As this is a serious regression & possible correctness issue, I'll fix this ASAP. I'll keep you updated. Hopefully I have a full fix & tests for this by tomorrow.

Please don't rely on hdrs_check=loose or warn, even if it seems to work - these should eventually go away. The "auto detection" behavior will certainly not work with sandboxing or any upcoming remote execution strategy and should really be avoided.

So, I now have a fix for this that:

  • Makes C++ compilation finally work with sandboxing.
  • Makes hdrs_check work again for when you can't / don't want to use sandboxing.
  • Adds tests for everything.

There's one remaining issue that I have to fix tomorrow morning, then it goes to code review and then live. Will keep you updated.

Update: I've submitted the temporary workaround of flipping the HARD_DISABLE_CC_INCLUDE_SCANNING constant to false again, while the more complex fix that really fixes the root cause is in review. This makes hdrs_check work again, while sandboxing will still not work (it silently falls back to non-sandboxed execution). The change should get pushed to the repository later today.

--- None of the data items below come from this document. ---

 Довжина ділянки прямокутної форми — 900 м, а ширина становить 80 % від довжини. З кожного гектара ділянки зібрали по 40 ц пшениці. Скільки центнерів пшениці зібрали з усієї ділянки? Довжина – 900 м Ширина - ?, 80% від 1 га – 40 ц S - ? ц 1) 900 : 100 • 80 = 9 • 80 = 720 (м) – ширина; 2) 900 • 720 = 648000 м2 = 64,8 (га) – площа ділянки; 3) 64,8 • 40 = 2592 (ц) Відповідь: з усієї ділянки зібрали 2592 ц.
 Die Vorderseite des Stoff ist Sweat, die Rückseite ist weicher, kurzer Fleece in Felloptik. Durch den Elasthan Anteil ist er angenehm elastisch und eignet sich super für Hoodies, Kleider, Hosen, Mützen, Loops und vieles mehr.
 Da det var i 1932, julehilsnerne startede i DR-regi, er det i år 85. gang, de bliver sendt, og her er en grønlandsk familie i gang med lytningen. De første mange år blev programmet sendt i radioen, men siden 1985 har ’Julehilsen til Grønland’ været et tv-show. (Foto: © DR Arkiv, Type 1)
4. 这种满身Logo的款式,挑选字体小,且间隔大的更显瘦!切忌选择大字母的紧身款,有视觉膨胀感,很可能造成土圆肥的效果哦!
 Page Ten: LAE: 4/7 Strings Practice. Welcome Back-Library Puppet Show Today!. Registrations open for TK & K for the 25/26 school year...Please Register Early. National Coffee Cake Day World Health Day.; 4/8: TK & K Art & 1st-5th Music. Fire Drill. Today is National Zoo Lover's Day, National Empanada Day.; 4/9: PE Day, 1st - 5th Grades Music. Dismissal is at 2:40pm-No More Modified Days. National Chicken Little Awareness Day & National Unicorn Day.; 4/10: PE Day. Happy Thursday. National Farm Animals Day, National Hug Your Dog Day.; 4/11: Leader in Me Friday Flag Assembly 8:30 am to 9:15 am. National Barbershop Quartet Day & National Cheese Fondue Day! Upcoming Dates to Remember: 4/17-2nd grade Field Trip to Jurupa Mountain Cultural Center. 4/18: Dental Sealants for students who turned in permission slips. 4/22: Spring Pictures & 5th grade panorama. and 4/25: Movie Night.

This bug still exists, but in more restricted form. It reproduces only when:

  1. Sandboxing is disabled (or building on a non-sandbox-supported platform, like OS X)
  2. Include files are inside a directory referenced with includes, e.g. includes = ["."]

Could you please reopen?

Sadly, I cannot enable sandboxed builds because of #420 (and because Mac OS X).

Use of cc_inc_library() results in correct incremental compilation, and so is a resonable workaround for includes = ["."]; however, it will not result in the reporting of undeclared includes.

The followup issue is tracked in #1162.